§ Records shown:
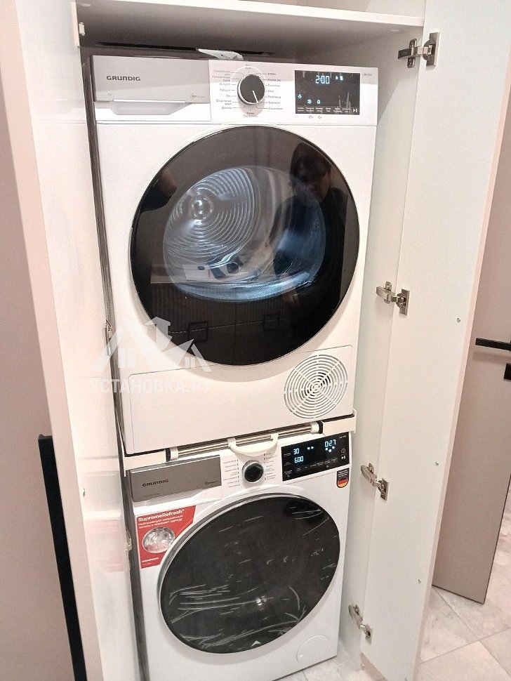 Примечание: Сушильная машина по размерам выглядит как стиралка, её ставят на стиральную машину сверху, из коммуникаций для неё нужна розетка и слив как у стиральной машины, если не делать слив, то в сушильной машине предусмотрен лоток, который позволяет выливать воду без организации слива.
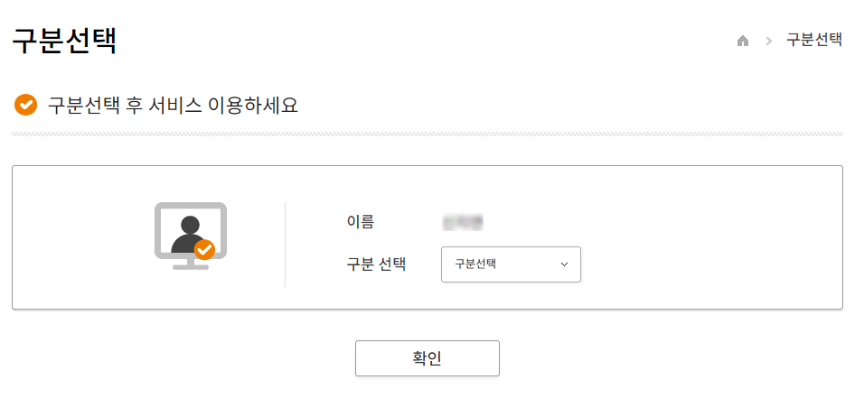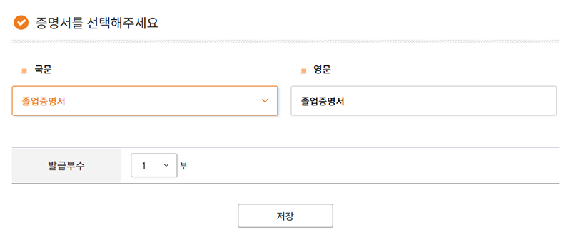 로그인 후 증명서발급 메뉴에서 위 [구분선택] 과정을 선택하시고 확인 버튼을 클릭하세요
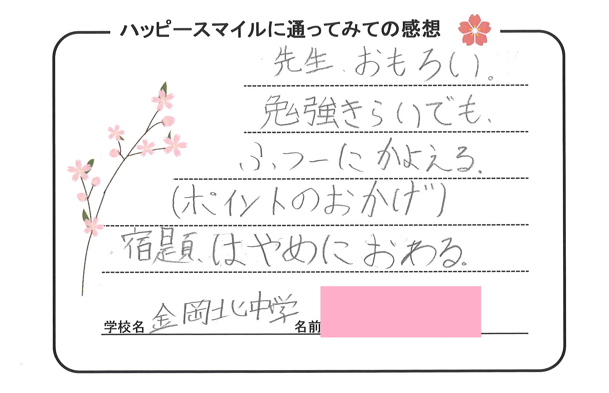 個別指導のハッピースマイルにお寄せ頂きました生徒様の声をご紹介!
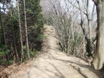 | 3月とはいえ、まだまだ冬山の様相を呈する山道を途中の西山峠までは“梅の木平”の指導標に従って歩きました。(西山峠で“梅の木平”の指導標に従うと梅の木平に下山してしまい、草戸山方向に行かないので要注意) 大垂水バス停から南高尾山稜最高峰である大洞山(標高536m)までの上りは結構きつかったです。これさえ上りきれば尾根歩きと、自分に言い聞かせながら上りました。 |
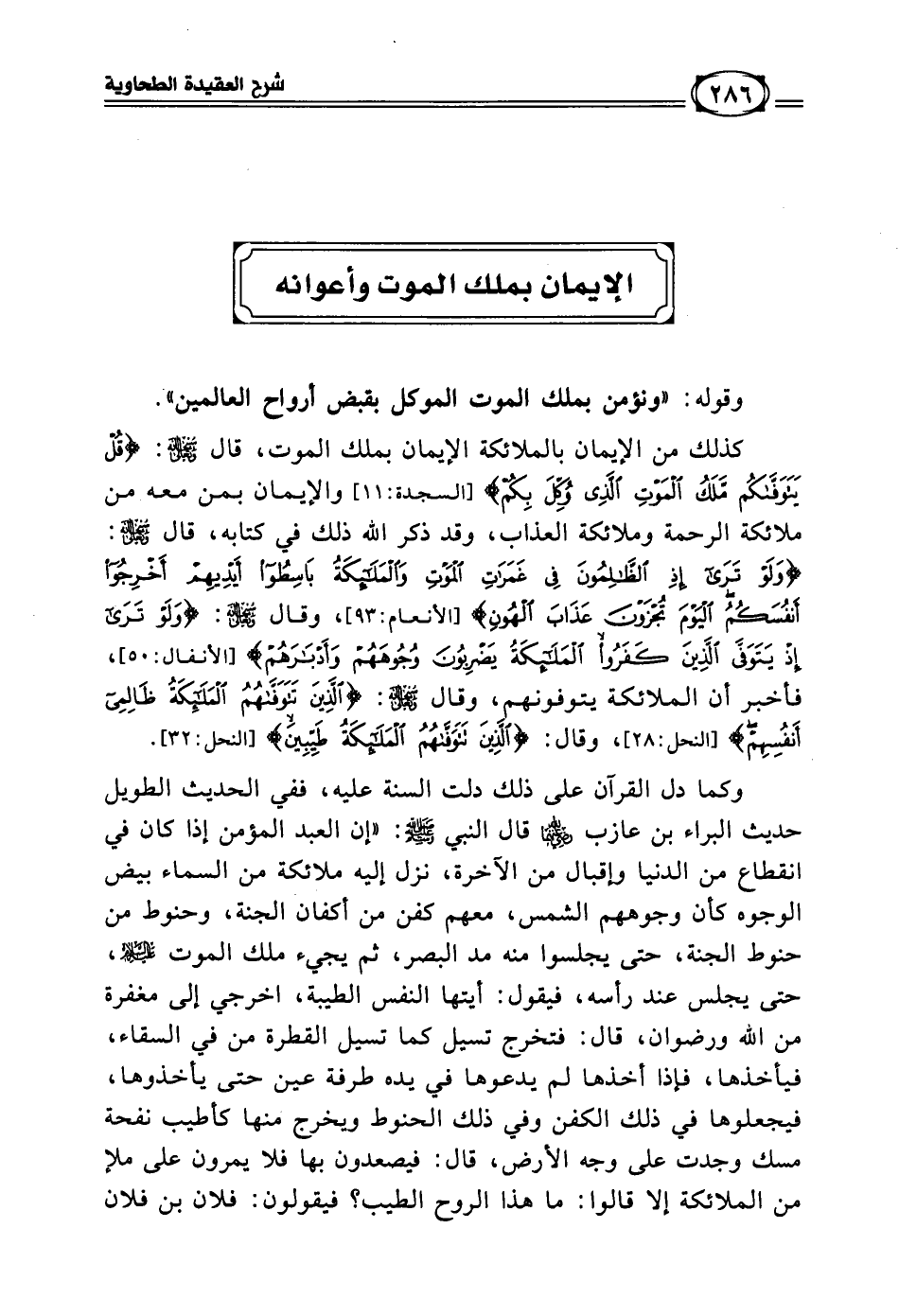 وكما دل القرآن على ذلك دلت السنة عليه، ففي الحديث الطويل حديث البراء بن عازب ـ رضي الله عنهما ـ قال النبي - صلى الله عليه وسلم - (إن العبد المؤمن إذا كان في انقطاع من الدنيا وإقبال من الآخرة نزل إليه ملائكة من السماء بيض الوجوه كأن وجوههم الشمس، معهم كفن من أكفان الجنة، وحنوط من حنوط الجنة، حتى يجلسوا منه مد البصر، ثم يجيء ملك الموت عليه السلام، حتى يجلس عند رأسه، فيقول: أيتها النفس الطيبة اخرجي إلى مغفرة من الله ورضوان قال فتخرج تسيل كما تسيل القطرة من في السقاء، فيأخذها، فإذا أخذها لم يدعوها في يده طرفة عين حتى يأخذوها، فيجعلوها في ذلك الكفن وفي ذلك الحنوط ويخرج منها كأطيب نفحة مسك وجدت على وجه الأرض، قال: فيصعدون بها فلا يمرون يعني بها على ملإ من الملائكة إلا قالوا: ما هذا الروح الطيب؟ فيقولون: فلان بن فلان

§ Exercise: The answer is to be the lines of the listing from the first through the one with "個別指導のハッピースマイルにお寄せ頂きました生徒様の声をご紹介!", reproduced exactly, without any pictures.

§ Completed task:
 Примечание: Сушильная машина по размерам выглядит как стиралка, её ставят на стиральную машину сверху, из коммуникаций для неё нужна розетка и слив как у стиральной машины, если не делать слив, то в сушильной машине предусмотрен лоток, который позволяет выливать воду без организации слива.
 로그인 후 증명서발급 메뉴에서 위 [구분선택] 과정을 선택하시고 확인 버튼을 클릭하세요
 個別指導のハッピースマイルにお寄せ頂きました生徒様の声をご紹介!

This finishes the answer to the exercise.